Publié le
Le responsable du numérique de l’UE a déclaré à Euronews que le concept très controversé de « souveraineté technologique » implique de renforcer les capacités dans les secteurs critiques et de réduire les dépendances à risque, et non de se retirer du monde.
PUBLICITÉ
PUBLICITÉ
“La souveraineté technologique ne signifie pas que nous envisageons de travailler d’une manière ou d’une autre de manière isolée à l’avenir”, a déclaré Henna Virkkunen, vice-présidente exécutive chargée de la souveraineté technologique, de la sécurité et de la démocratie à la Commission européenne.
“Il est très important que nous ayons une certaine capacité dans un domaine critique.
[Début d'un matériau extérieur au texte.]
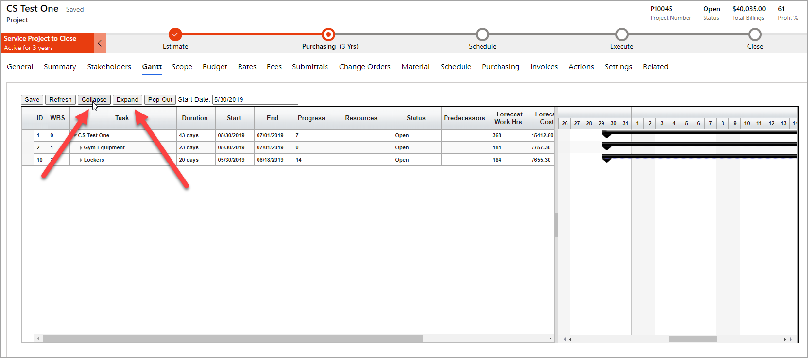 - To collapse all parent tasks, select Collapse, located at the top left of the Gantt Chart

Et puis nous travaillons également, bien sûr, avec des partenaires partageant les mêmes idées pour nous assurer que nous n’avons pas de dépendances à risque et que nous ne sommes pas trop dépendants d’une seule entreprise ou d’une seule solution”, a-t-il ajouté.
Le concept de souveraineté technologique s’est avéré source de division parmi les États membres et les entreprises de l’UE, en particulier sur la question de savoir dans quelle mesure le bloc devrait être ouvert aux entreprises étrangères de pays alliés tels que les États-Unis et le Royaume-Uni.
Pour Virkkunen, l’objectif n’est pas le protectionnisme, mais la création d’alternatives aux points d’étranglement critiques dans les chaînes d’approvisionnement vitales, en commençant par la réorientation des contrats publics vers les fournisseurs européens.
La Commission travaille sur des propositions législatives visant à renforcer la résilience des chaînes d’approvisionnement en semi-conducteurs et des services cloud, dans le but de rendre l’Europe plus compétitive dans la course mondiale au développement de l’IA.
“La manière dont nous pouvons promouvoir nos propres technologies européennes est étroitement liée aux marchés publics, car les gouvernements et le secteur public sont de gros clients des services TIC”, a déclaré Virkkunen.